*Exercise goal*: Pictures stay out of the answer, but every line of the material must be restated exactly.

*Data*:
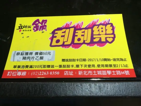 (記得之前吃老先覺也有刮刮卡活動是滿160元就送一張,然後我刮中雙人豪華套餐優惠~結果也沒去吃)
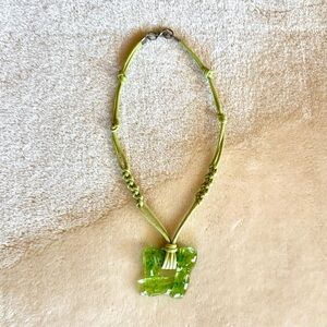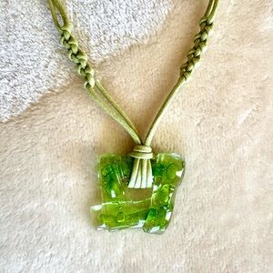 Vintage Y2K Abatract Green Glass Pendant Necklace
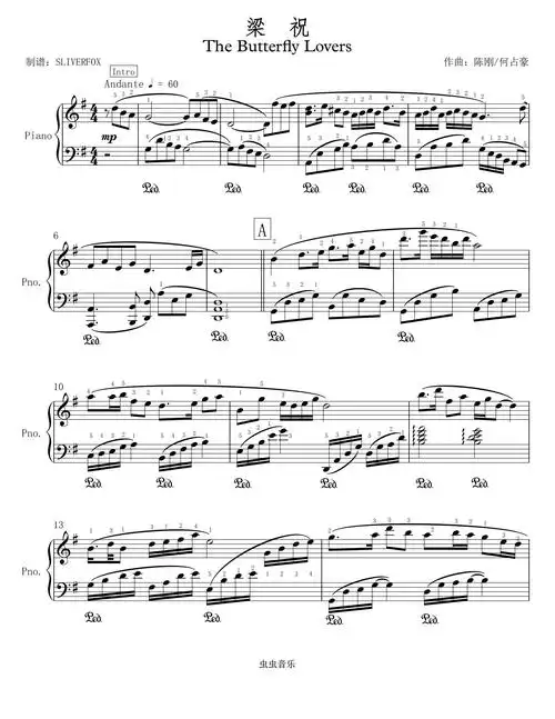 钢琴曲梁祝五线谱

*Expected output*:
 (記得之前吃老先覺也有刮刮卡活動是滿160元就送一張,然後我刮中雙人豪華套餐優惠~結果也沒去吃)
 Vintage Y2K Abatract Green Glass Pendant Necklace
 钢琴曲梁祝五线谱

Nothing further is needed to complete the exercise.